Monday, Oct. 03, 1938
Birth of An Englishman
THE DOOR OF LIFE--Enid Bagnold-- Morrow ($2.50).
In "National Velvet" Enid Bagnold won a big U. S. audience with a slight story about an English girl and a race horse.
In The Door of Life she has taken on a bigger theme, which she describes as "the relationship of a mother and young children and unborn children and just-born children," adding her belief that her novel is "the first attempt to portray the very first moments of this relationship in de-tail." Whether or not it is the first attempt, Enid Bagnold's admirers are likely to hope that it will be her last, since The Door of Life gives such a rosy view of the joys of motherhood, contains so many lush emotional passages and so many unreal philosophical conversations about woman's responsibilities, that it might have been written in an effort to check Britain's declining birth rate. Mother of three sons and a daughter, Enid Bagnold in private life is Lady Roderick Jones, wife of the chairman of Reuters, leading British news agency.

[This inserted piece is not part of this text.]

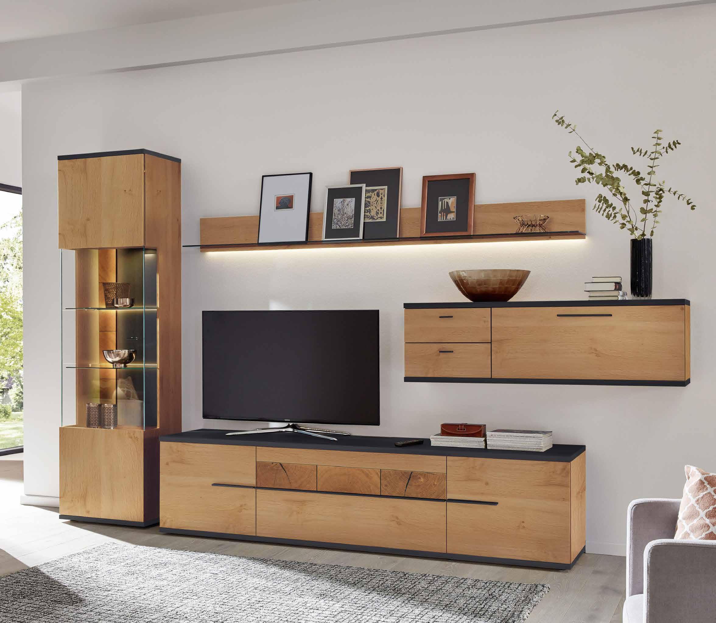 MEDIA CONCEPT liefert mit einer Holzfront noch mehr natürliche Wärme und Wohnlichkeit für jedes Zuhause. Modern interpretiert in der modelltypischen Formensprache und funktional durchdacht bis ins kleinste Detail, sind ideale Lösungen zur Kabelverstauung, Medienintegration und Schubkasteneinteilung für ausreichend Stauraum und Ordnung frei planbar.

The central character of The Door of Life is a middle-aged woman of the upper middle class, who is referred to throughout as "the squire." This in itself is likely to be a little confusing to U. S. readers, who usually think of English squires as ruddy, irascible old gents, more or less akin to Kentucky Colonels. So when they read about the squire picking up her sewing, putting on her evening dress and performing other distinctly feminine duties, their surprise tends to make them miss the point of Miss Bagnold's story. The squire, it turns out, is so called because in the absence of her husband she runs the household. Waiting for the birth of her fifth child, she watches over her three sons and her gentle, intuitive daughter, takes no nonsense from anybody: "Nonsense and a trouble," she thinks, "but it had to go on. No other way of living if you wanted to walk to your grave cloaked in the English life."
Aside from a few bright glimpses of the children and constant troubles with the help, these reflections make up most of The Door of Life. Although the. squire bears a healthy son without too much trouble, there is such confusion downstairs --the cook leaves because she cannot stand childbirth, another turns out to be immoral, the butler hates women, his substitute is a drunk and a maid is discharged for theft--that readers are likely to forget that Author Bagnold is picturing the fortitude of English mothers, not the corruption of English domestics.